Supplied material:
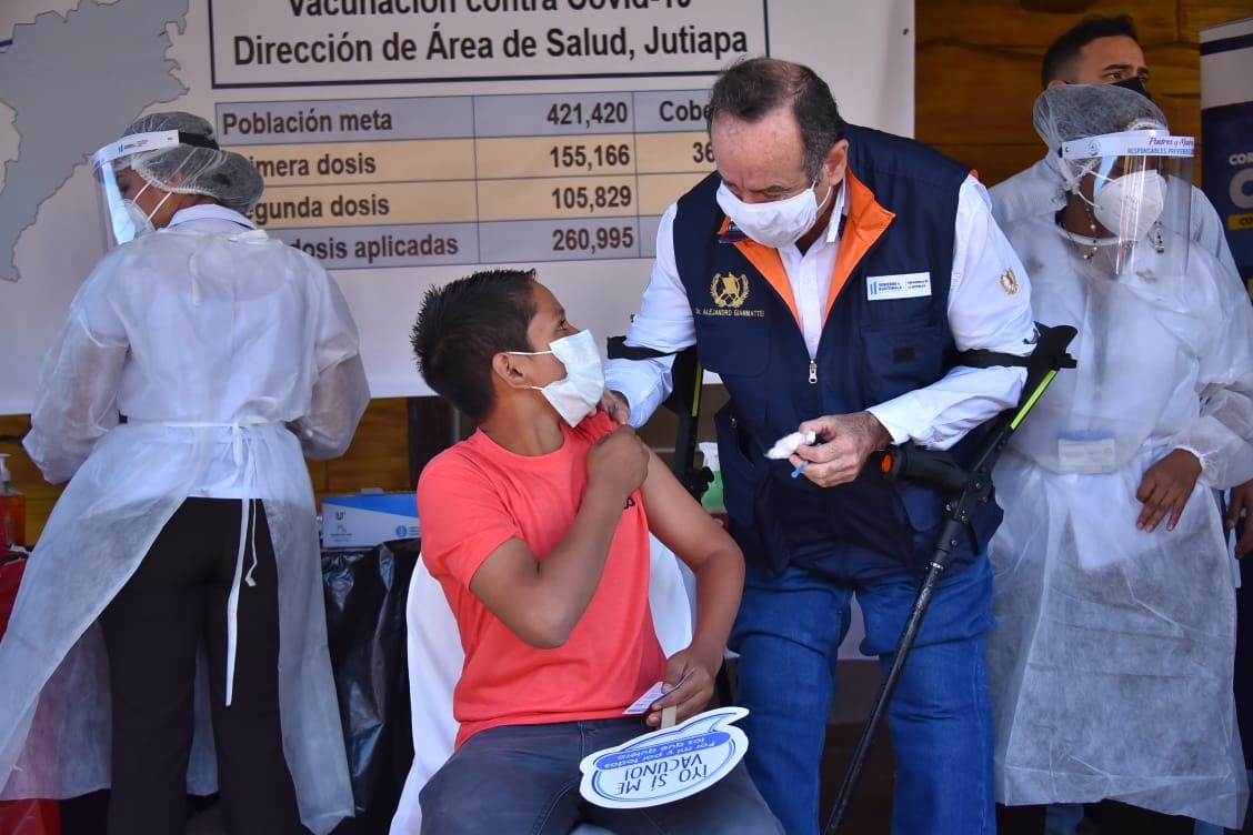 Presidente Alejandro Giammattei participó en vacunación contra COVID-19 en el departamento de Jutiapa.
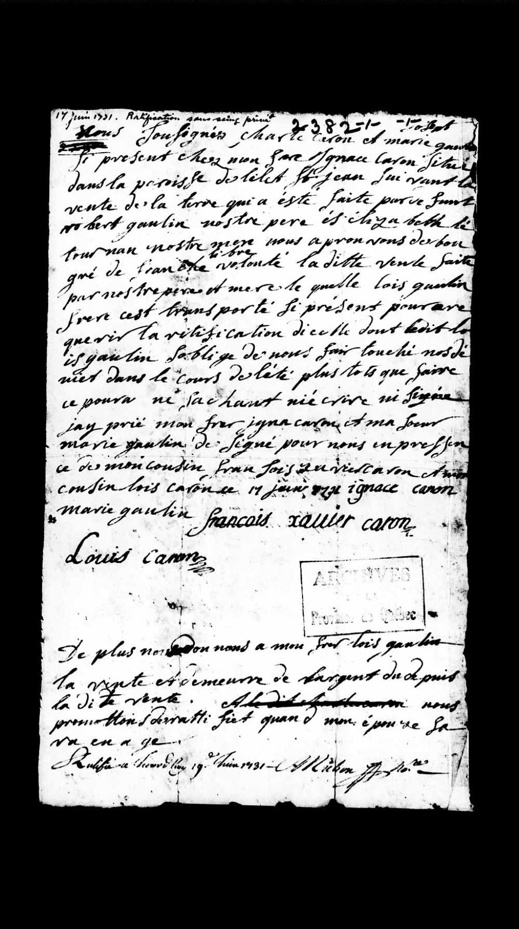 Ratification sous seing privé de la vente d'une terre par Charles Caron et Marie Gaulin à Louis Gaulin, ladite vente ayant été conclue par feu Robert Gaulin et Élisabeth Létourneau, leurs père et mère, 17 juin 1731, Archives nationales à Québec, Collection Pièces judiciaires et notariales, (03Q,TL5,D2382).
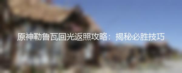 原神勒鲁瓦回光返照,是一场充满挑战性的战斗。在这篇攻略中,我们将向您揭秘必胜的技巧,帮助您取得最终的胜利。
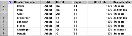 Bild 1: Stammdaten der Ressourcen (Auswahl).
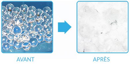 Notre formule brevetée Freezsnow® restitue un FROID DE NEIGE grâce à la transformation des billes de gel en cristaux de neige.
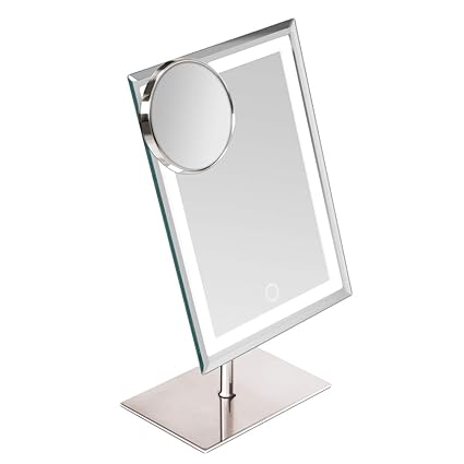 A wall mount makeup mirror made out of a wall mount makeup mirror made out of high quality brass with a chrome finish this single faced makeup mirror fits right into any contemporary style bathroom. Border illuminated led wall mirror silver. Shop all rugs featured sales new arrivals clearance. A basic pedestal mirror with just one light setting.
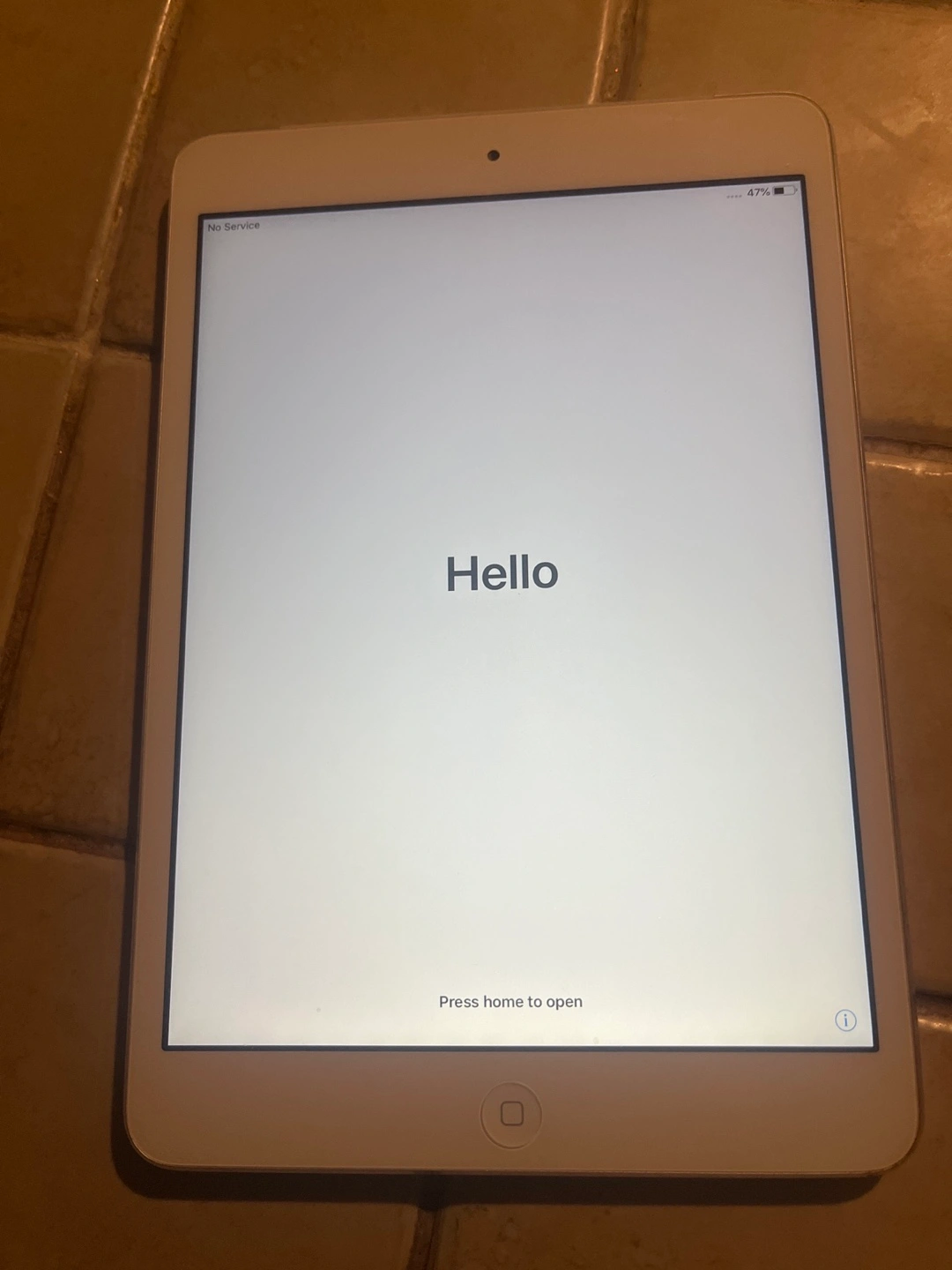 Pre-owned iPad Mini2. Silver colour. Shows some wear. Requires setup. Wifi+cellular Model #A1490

What is being asked: Transcribe each line above exactly, pictures excluded.

Response to the exercise:
 Presidente Alejandro Giammattei participó en vacunación contra COVID-19 en el departamento de Jutiapa.
 Ratification sous seing privé de la vente d'une terre par Charles Caron et Marie Gaulin à Louis Gaulin, ladite vente ayant été conclue par feu Robert Gaulin et Élisabeth Létourneau, leurs père et mère, 17 juin 1731, Archives nationales à Québec, Collection Pièces judiciaires et notariales, (03Q,TL5,D2382).
 原神勒鲁瓦回光返照,是一场充满挑战性的战斗。在这篇攻略中,我们将向您揭秘必胜的技巧,帮助您取得最终的胜利。
 Bild 1: Stammdaten der Ressourcen (Auswahl).
 Notre formule brevetée Freezsnow® restitue un FROID DE NEIGE grâce à la transformation des billes de gel en cristaux de neige.
 A wall mount makeup mirror made out of a wall mount makeup mirror made out of high quality brass with a chrome finish this single faced makeup mirror fits right into any contemporary style bathroom. Border illuminated led wall mirror silver. Shop all rugs featured sales new arrivals clearance. A basic pedestal mirror with just one light setting.
 Pre-owned iPad Mini2. Silver colour. Shows some wear. Requires setup. Wifi+cellular Model #A1490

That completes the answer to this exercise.